Philip Howard Ellis (1841-1914) was an American colonel of the Spanish–American War. He was known for being one of the main commanders of the 13th Infantry Regiment during the Spanish–American War as well as for his court-martial in 1872 before being acquitted of all charges.

==Initial Service==
Ellis served in the Union Army during the American Civil War, enlisting for service into Company B of the 6th Pennsylvania Cavalry Regiment on November 11, 1862, as a private. He was wounded during the Battle of Trevilian Station and was mustered out on November 3, 1864. During his service in the war, Ellis was promoted to 2nd Lieutenant on May 1, 1863, and to 1st Lieutenant on March 12, 1864.

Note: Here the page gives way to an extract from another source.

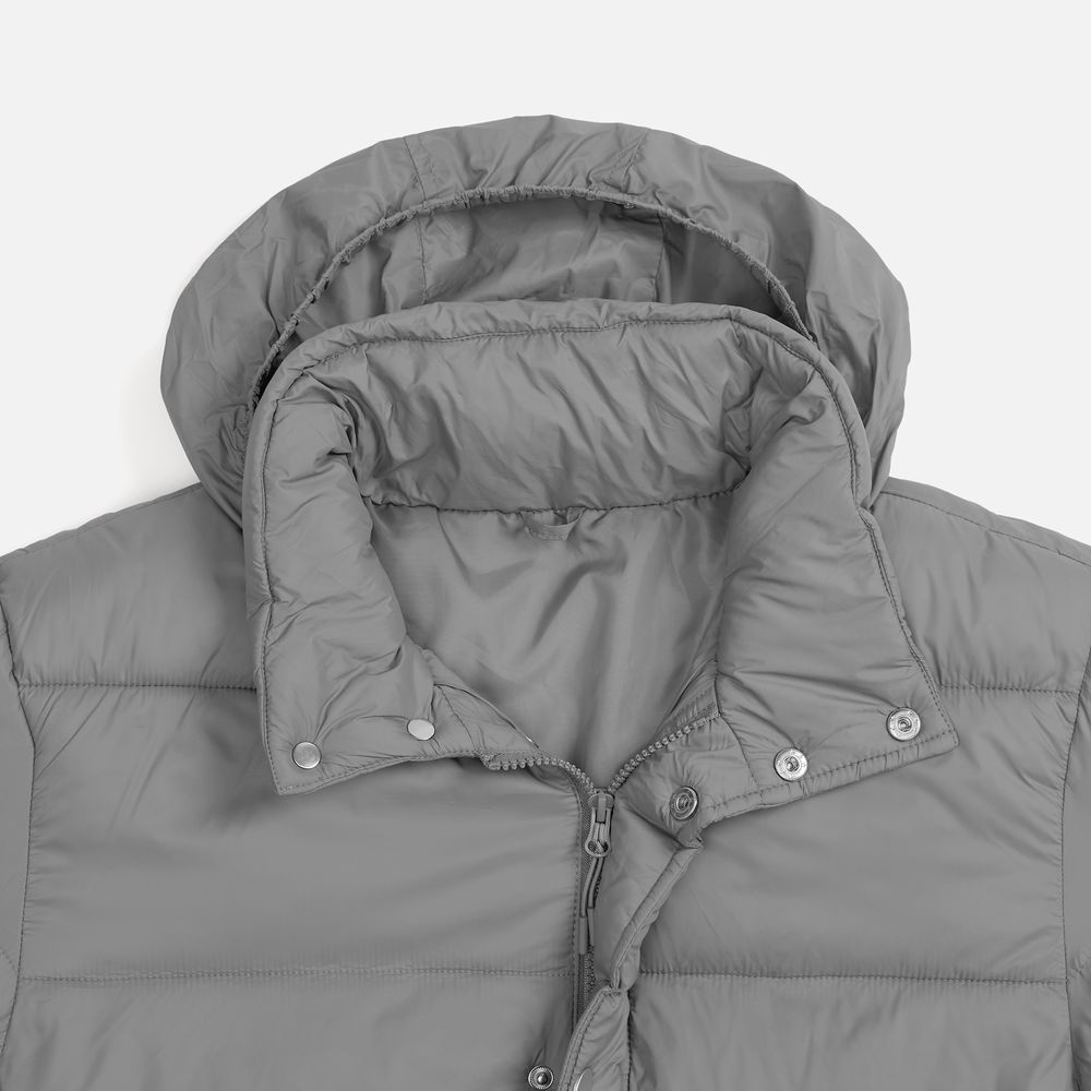 Капюшон без подкладки убирается в воротник и плотно фиксируется на потайные кнопки

Ellis then signed up for service in the regular army at Maryland and was promoted from second to first lieutenant on December 28, 1866. Due to Capt. William G. Rankin being discharged on December 31, 1870, the Captain of the 13th Infantry Regiment remained vacant, and after Capt. Seth Bonney, the first nominee, retired, Ellis was chosen to fill the vacant spot. The order was confirmed on June 5, 1872.

==Court-Martial==
On December 5, 1872, Ellis was accused of 3 charges while commanding Company D of the regiment within Camp Douglas. His first charge of "Conduct to the prejudice of good order and military discipline" included knocking out Private Patrick Durett of Company D with his fist, threatening Durett with his rifle, stating that "I have a mind to knock your damn brains out", and wounding Private John Carr with a sword strike. His second charge included "Disobedience of Orders" which included a double knockout of Private Durett during a military inspection, striking Private Carr, and threatened Durett as he stated: "You have been tried twice for being drunk on duty, and you have been drunk ever since you've came out of your guard-house and if a court-martial will not have any effect on you, I will see if something else will not." His third charge of "Conduct unbecoming an officer and a gentleman" as after his double knockout of Durett, he called him a "Goddamn son of a bitch" with many witnesses to the insult. Ellis declared himself "not guilty" of the charges presented to him, but the court found him guilty on all instances and charges with the verdict of "To be dismissed the service of the United States". However, General Edward Ord disputed the charge, claiming that Durett was an "incorrigable drunkard" along with stating that the scenario with Private Carr was "simply futile" due to his wound possibly being from his service during the American Civil War. Due to the disputes, Adjutant General Edward D. Townsend released Ellis from arrest and placed him back into active duty.

==Later years==
By September 30, 1877, Ellis had the rank of Captain. On October 1, 1895, Ellis was promoted to major while within the 13th Infantry Regiment. During the Spanish–American War, Ellis was one of the main commanders of the Battle of San Juan Hill but was wounded during the battle. On September 18, 1898, Ellis was promoted to Lieutenant Colonel. After the war, Ellis was transferred to the 8th Infantry Regiment and was stationed at Fort Snelling from Columbia Barracks, Ohio on July 27, 1900. After being promoted to Colonel on January 23, 1901, Ellis retired from active service. Ellis died on August 27, 1914, while at Atlantic City, New Jersey.